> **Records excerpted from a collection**

>>

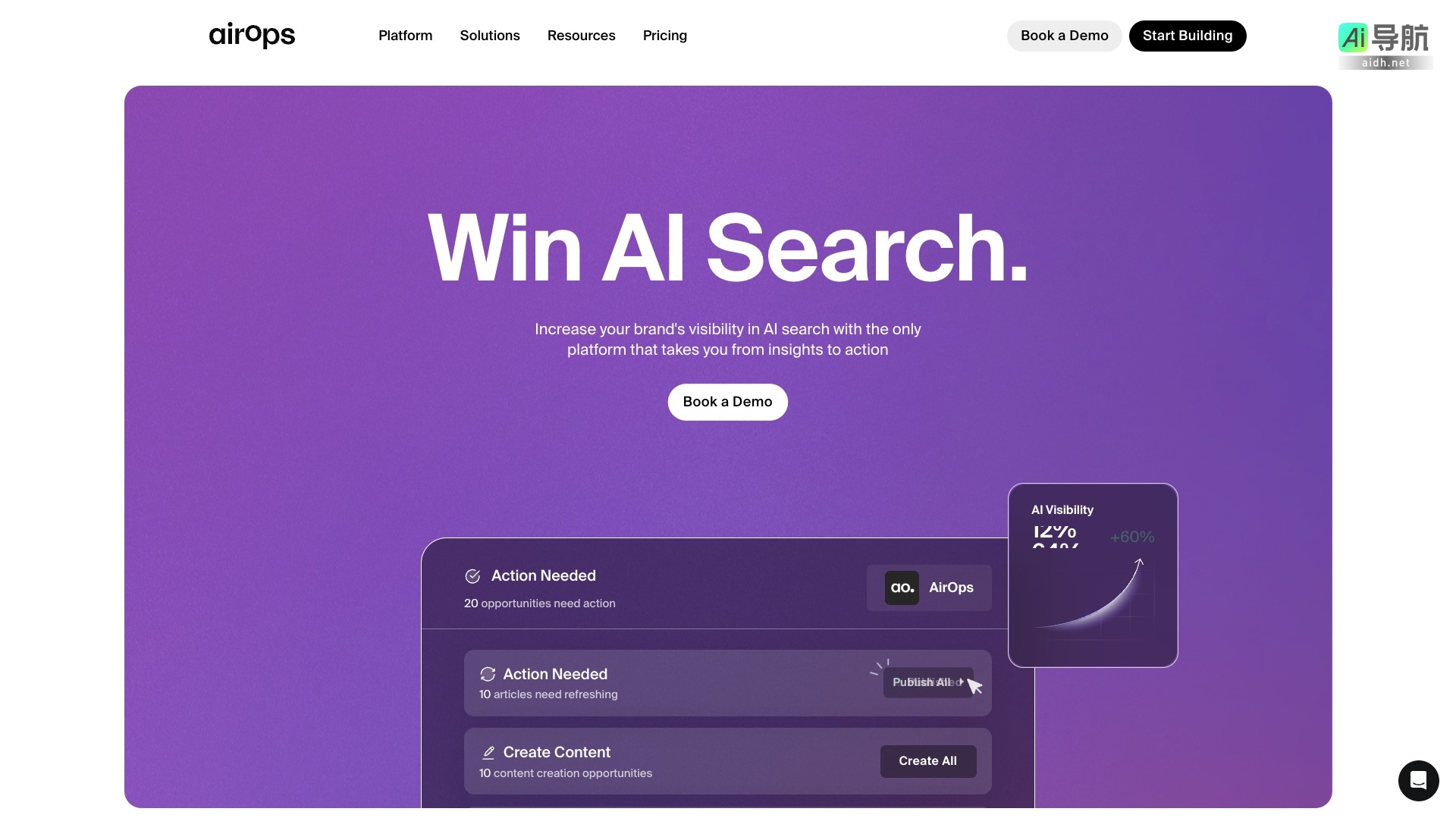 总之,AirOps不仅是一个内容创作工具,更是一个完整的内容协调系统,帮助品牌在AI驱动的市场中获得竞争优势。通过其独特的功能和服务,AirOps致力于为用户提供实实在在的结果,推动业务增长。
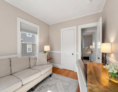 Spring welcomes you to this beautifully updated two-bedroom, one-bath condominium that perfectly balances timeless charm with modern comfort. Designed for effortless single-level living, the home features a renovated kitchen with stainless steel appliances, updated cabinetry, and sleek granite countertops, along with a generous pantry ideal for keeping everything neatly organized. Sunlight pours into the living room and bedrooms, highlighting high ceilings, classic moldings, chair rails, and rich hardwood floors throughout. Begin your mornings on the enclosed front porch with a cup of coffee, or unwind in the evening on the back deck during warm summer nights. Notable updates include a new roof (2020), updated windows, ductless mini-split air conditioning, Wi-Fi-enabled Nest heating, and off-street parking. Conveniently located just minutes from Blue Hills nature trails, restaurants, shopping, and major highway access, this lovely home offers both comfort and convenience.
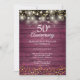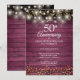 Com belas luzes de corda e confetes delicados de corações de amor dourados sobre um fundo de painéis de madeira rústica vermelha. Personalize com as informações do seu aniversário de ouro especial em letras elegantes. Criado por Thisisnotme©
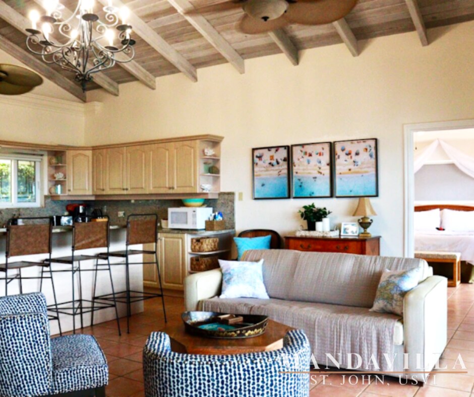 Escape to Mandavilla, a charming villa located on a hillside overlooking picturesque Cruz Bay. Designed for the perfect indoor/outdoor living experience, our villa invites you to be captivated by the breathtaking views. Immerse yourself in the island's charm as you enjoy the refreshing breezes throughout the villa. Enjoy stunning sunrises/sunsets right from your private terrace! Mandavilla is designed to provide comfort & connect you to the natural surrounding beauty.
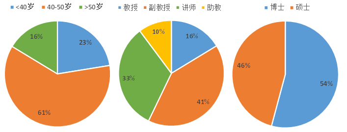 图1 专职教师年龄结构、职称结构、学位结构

<<

Nothing but the lines from the one containing "Com belas luzes" through the last line of the records should appear in the copy, exactly as written and without pictures.

 Com belas luzes de corda e confetes delicados de corações de amor dourados sobre um fundo de painéis de madeira rústica vermelha. Personalize com as informações do seu aniversário de ouro especial em letras elegantes. Criado por Thisisnotme©
 Escape to Mandavilla, a charming villa located on a hillside overlooking picturesque Cruz Bay. Designed for the perfect indoor/outdoor living experience, our villa invites you to be captivated by the breathtaking views. Immerse yourself in the island's charm as you enjoy the refreshing breezes throughout the villa. Enjoy stunning sunrises/sunsets right from your private terrace! Mandavilla is designed to provide comfort & connect you to the natural surrounding beauty.
 图1 专职教师年龄结构、职称结构、学位结构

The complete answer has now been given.